Yes. This is one of the areas that LR needs to improve upon. Sorting, Filtering, and Keywording are my top 3 improvement items. The team at Adobe does listen and is always interested in what users think about ways to improve the feature set. Your suggestions are important and the more users that point this out the better the chance it will get on the list sooner.

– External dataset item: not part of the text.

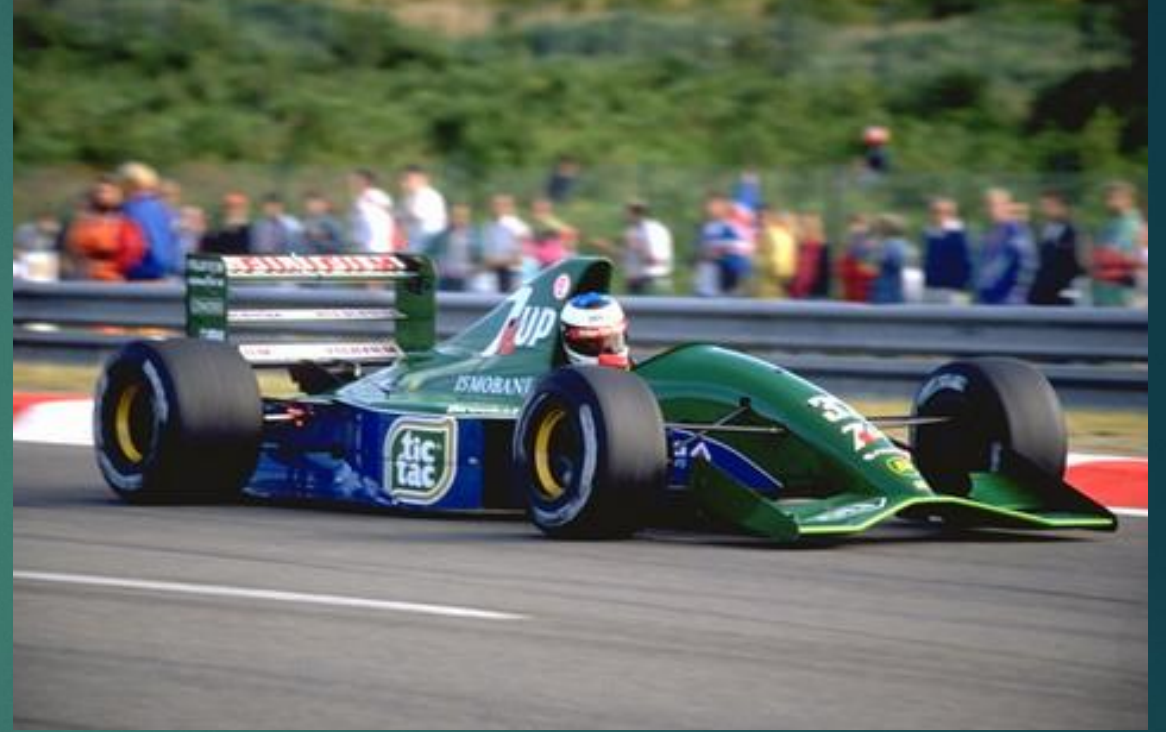
Jordan 191 Дебют – 1991 г

As a workaround perhaps you could explore some sort of filename template that incorporates this code. Since you can sort on filename it may get you part of the way to where you want to be. This template can be applied during import so you wouldn't have to rename every file individually.


----------



## erro (Aug 14, 2011)

John Beardsworth recently created a "List view" plugin that lets you view the photos in Lightroom in a text list, and also lets you sort according to many different parts of metadata. You can sort on Location, City, State or Country among many others.

http://www.beardsworth.co.uk/list-view-new-lightroom-plug-in/


----------



## gYab61zH (Aug 14, 2011)

I had thought about that too, but it is a little like putting the cart before the horse. I would then first need to enter the metadata using LR or another program and then import it into LR (again). It does make me wonder though; there must surely be loads of people who would like to sort at least on location or city?


----------



## Victoria Bampton (Aug 14, 2011)

gYab61zH said:


> It does make me wonder though; there must surely be loads of people who would like to sort at least on location or city?



You have the wonderful honour of being the first I've run into.


----------



## johnbeardy (Aug 14, 2011)

I think anyone who has used a DAM program before would be lining up to say proper sorting capability should have been in LR from day one - just like a list view. 

John


----------



## johnbeardy (Aug 14, 2011)

I'd just add that in the absence of a list view, I'm not sure it makes sense to have sorting much more advanced than is currently available in Lightroom. Sorted grids don't really make a huge amount of sense, but a columnar view comes alive once you can sort it.

I'm going to see if I can modify my List View plug-in so it will save a sorted view to a new collection. But I have other things to do first.

John


----------



## gYab61zH (Aug 15, 2011)

It is a dubious honour to be the first to request such a feature. John your last two remarks puzzle me a little .. a proper sorting capability should have been there from day one, yet in the absence of a list view it makes little sense? I a not sure what you mean by list views and sorted grids (what is the difference?), but I would be greatly helped if the library window presented all images sorted according to one or more metadata criteria.


----------



## johnbeardy (Aug 15, 2011)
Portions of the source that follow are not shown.